La storia del militante della sinistra extraparlamentare assassinato a Cinisi il 9 maggio del 1978
Ricorre oggi il 41° anniversario della morte di Giuseppe "Peppino" Impastato, il giornalista di Cinisi che denunciò i crimini della mafia locale e che, il 9 maggio 1978, fu barbaramente ucciso. Un delitto di mafia che Cosa Nostra cercò di mascherare come un attentato terroristico (nello stesso nefasto giorno per l'Italia fu rinvenuto a Roma il cadavere di Aldo Moro), grazie anche alla complicità di numerose persone che hanno impedito l' accertamento della verità.
I depistaggi sulla morte di Impastato furono riconosciuti nella sentenza di condanna a 30 anni emessa dai giudici della corte d'assise il 5 marzo 2001 nei confronti del boss Vito Palazzolo, che era già deceduto, accusato di essere il mandante del delitto.
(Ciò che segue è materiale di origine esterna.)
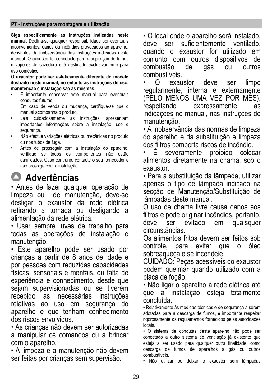Montaje y modo de empleo Instruções para montagem e utilização Ο∆ΗΓΙΕΣ ΣΥΝΑΡΜΟΛΟΓΗΣΗΣ ΚΑΙ ΧΡΗΣΗΣ Monterings- och bruksanvisningar • La pièce doit avoir une aération suffisante lorsque la hotte est utilisée conjointement avec d'autres appareils fonctionnant au gaz ou autres combustibles. • La hotte doit être régulièrement nettoyée à la fois à l'intérieur et à l'extérieur (AU MOINS UNE FOIS PAR MOIS); cela devrait se faire en conformité avec les instructions d'entretien. Le non respect des instructions expressément fournies concernant le nettoyage de la hotte et des filtres peut provoquer des risques d'incendie. • Ne pas flamber d’aliments sous la hotte. • Pour le remplacement de la lampe, utilisez uniquement le type de lampe spécifié dans la section remplacement/maintenance lampe dans ce manuel. L'utilisation d'une flamme nue est dommageable pour les filtres et peut causer un incendie, par conséquent, il est déconseillé de l'utiliser. La friture doit être faite avec soin afin de s’assurer que l’huile surchauffée ne prenne pas feu. AVERTISSEMENT: Lorsque la table de cuisson est en fonctionnement, les parties accessibles de la hotte peuvent devenir très chaudes. • Ne pas brancher l'appareil au réseau électrique avant que l'installation est complètement terminée.

Una tesi ribadita un anno dopo dal pm Franca Imbergamo durante la requisitoria del processo che si è conclusa con la condanna a 30 anni anche per un altro boss, Gaetano Badalamenti, che all'epoca era detenuto negli Stati Uniti per traffico di stupefacenti. Per l'uccisione di Impastato sono stati celebrati due processi, ognuno con un solo imputato. In entrambi è emersa «una sconcertante sequela di omissioni, ritardi, negligenze e approssimazioni nella raccolta delle prove», ed ancora «un sistematico travisamento dei dati di fatto e delle informazioni raccolte durante i primi accertamenti investigativi».